The caregiving economy is in crisis, exacerbated by a severe shortage of workers. Estimates suggest over 9 million positions will need to be filled before 2031. As caregivers leave or struggle with commutes, devices like Sensi are poised to become the baseline of care. My father has seen eight different caregivers come and go in the past year alone.

The erosion of home

Clara Berridge, an associate professor at the University of Washington School of Social Work, argues that these devices make surveillance seem like a condition of care. She suggests that presenting families with only two undesirable options—nursing home or constant monitoring—is a difficult ethical proposition. Furthermore, she worries about how such tools erode a senior’s sense of home. What happens when the living room becomes a panopticon? Berridge notes that privacy is essential for autonomy and emotional release, allowing seniors to shield themselves from others when they feel vulnerable.

Despite the ethical concerns, adoption is rising. AARP reports that 25 percent of caregivers are already remotely monitoring loved ones using apps, video platforms, and wearables. Investors poured an estimated $10.7 billion into AI-powered health-tech startups in 2025. In online communities, users express unease, with some fearing the technology would translate a mother’s heartbreak into a sterile notification.

For my father, Sensi is now a constant presence, listening under the table as he eats his tuna fish sandwiches.
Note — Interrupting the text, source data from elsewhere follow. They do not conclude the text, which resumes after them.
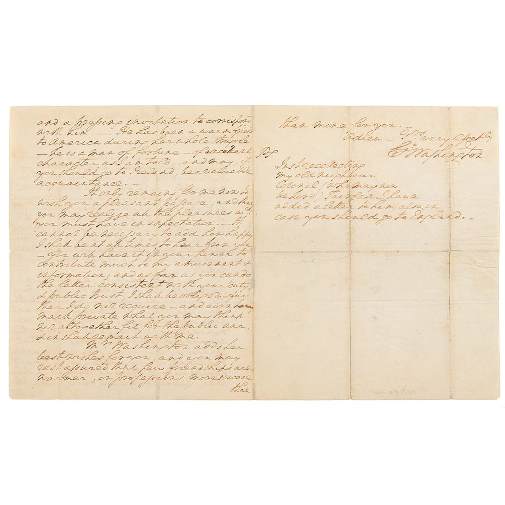Washington also adds a brief postscript which reads, "Just recollecting my old neighbour Colonel (who may now be Lord) Fairfax, I have added a letter to him also, in case you should go to England." In very good to fine condition, with professional restoration and repairs to intersecting folds, and partial separation along the fragile hinge.
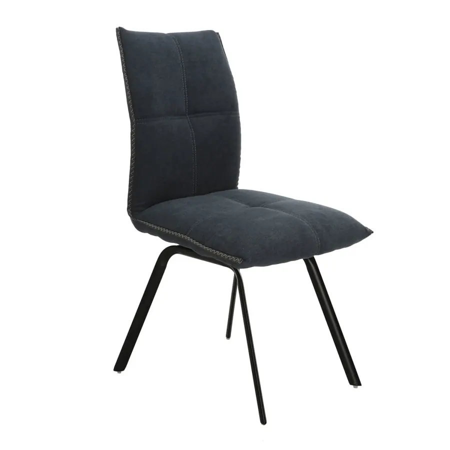 Chair EDDY 50x56xH89cm. The convenient and stylish dining chair is covered with gray polyester fabric. The seat of the chair is upholstered. The black matte metal legs are powder coated. Seat height 48cm, seat width 47cm, seat depth 45cm. Backrest height 47cm. Weight limit 120kg.
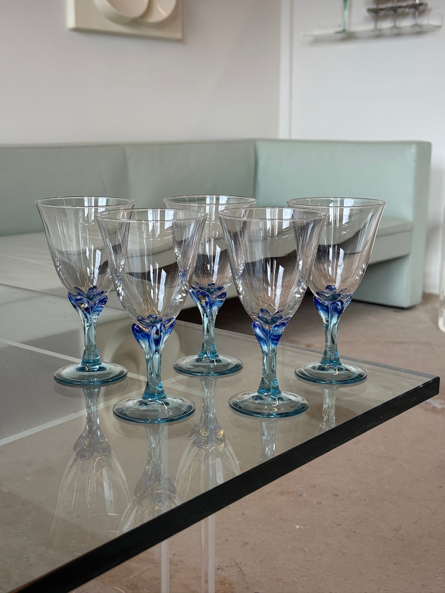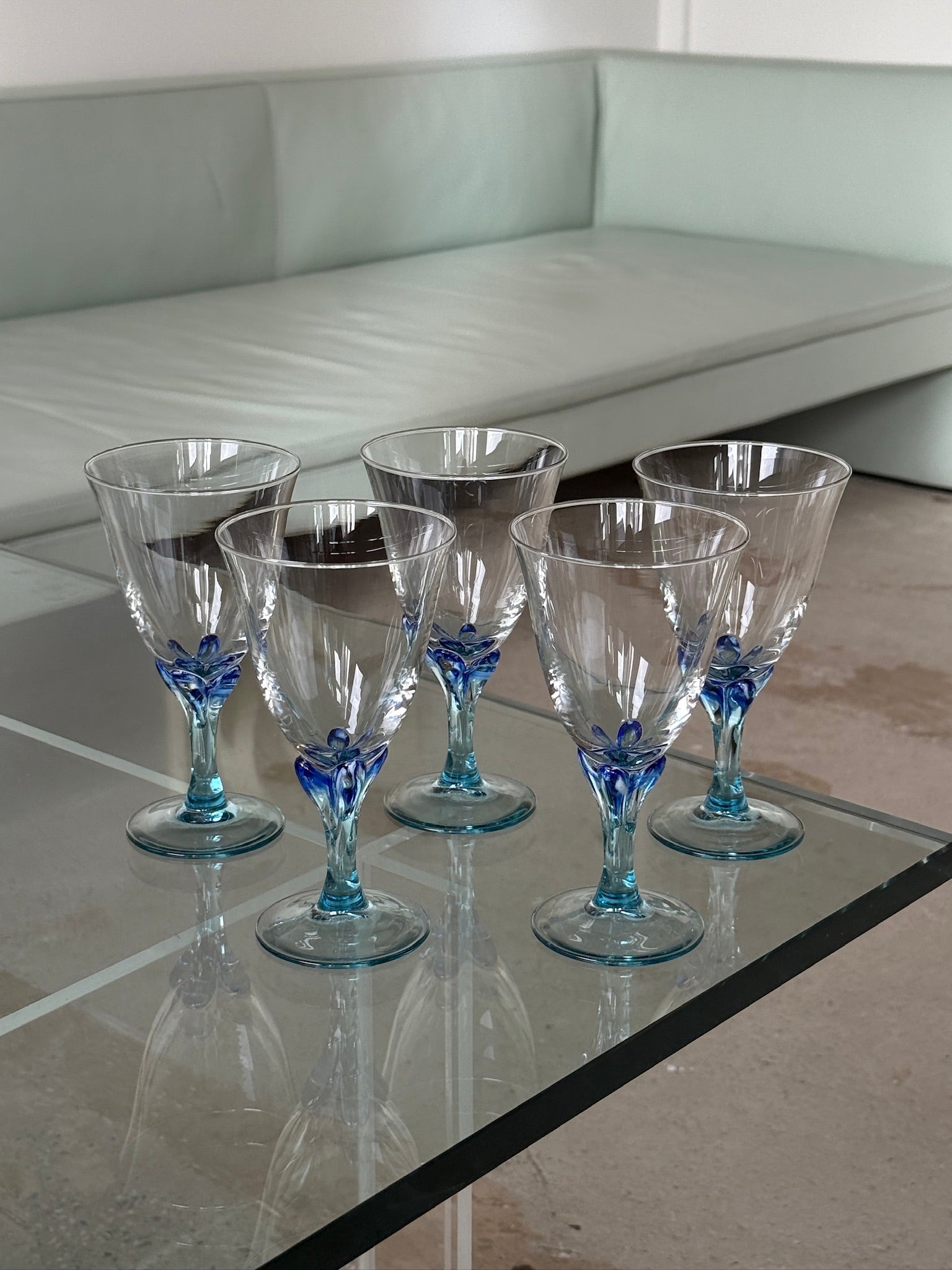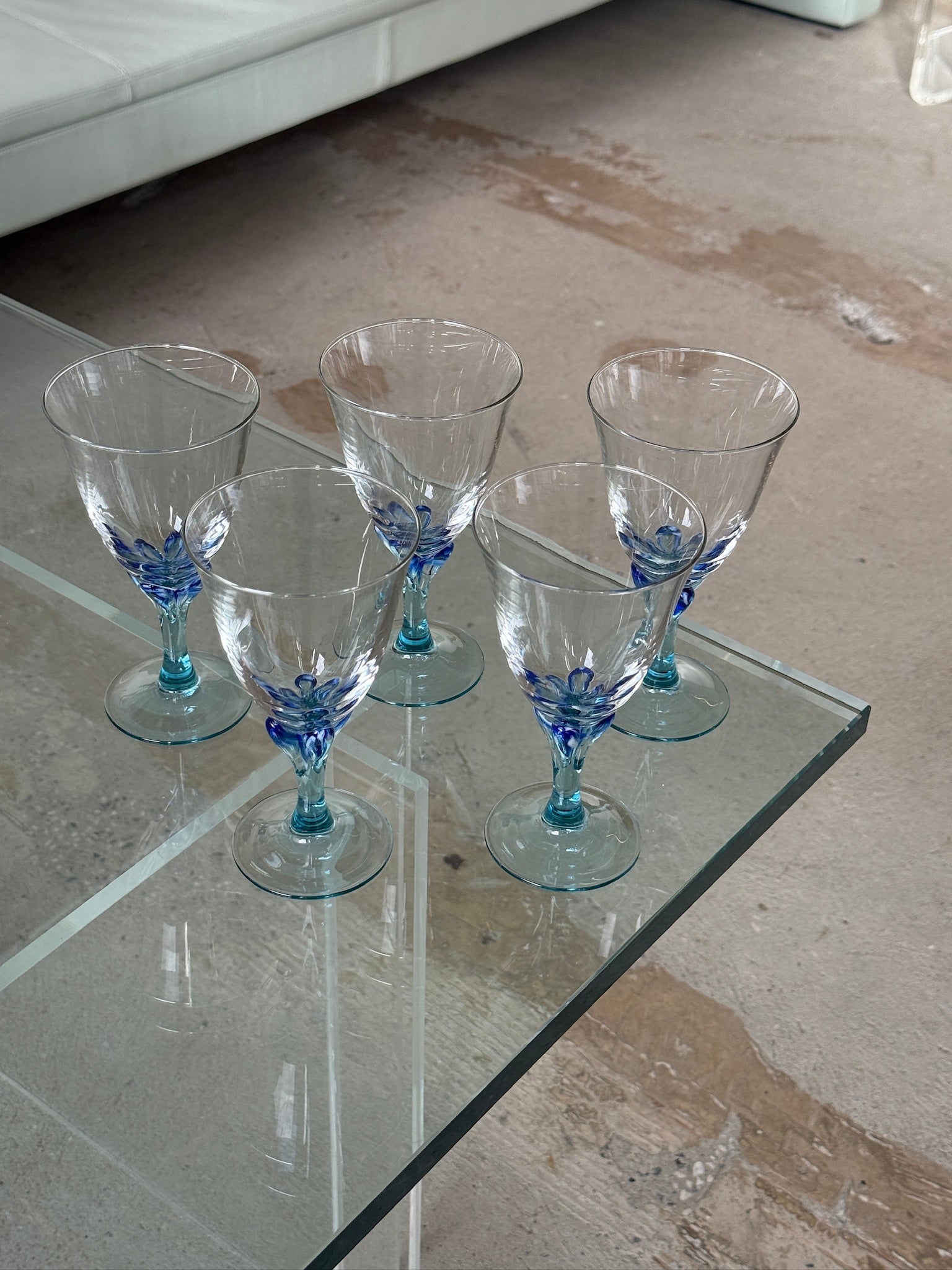 Sæt med fem smukke franske vinglas med dekorativ stilk, der giver associationer til en klokkeblomst. Stilken som er lavet i flere nuancer af blå og et strejf af hvid, gør glassene levende og unikke. Et elegant sæt, der skiller sig ud på bordet – både til hverdagsvin og særlige anledninger. Fundet i Frankrig.

It is a guardian that never sleeps, a silent witness to the daily rhythm of an aging life.

Key takeaways

  • AI monitoring devices like Sensi are rapidly becoming the default solution for aging in place, driven by a critical shortage of human caregivers and the high cost of nursing homes.
  • While these tools promise to prevent falls and detect health issues, they often operate without explicit consent, recording private conversations and blurring the line between safety and surveillance.
  • The business model frequently prioritises the revenue of home care agencies over the privacy and autonomy of the elderly, potentially turning a senior’s home into a monitored environment.
  • Ethical concerns persist regarding the accuracy of cognitive decline detection and the psychological impact of having one’s personal life continuously analysed by algorithms.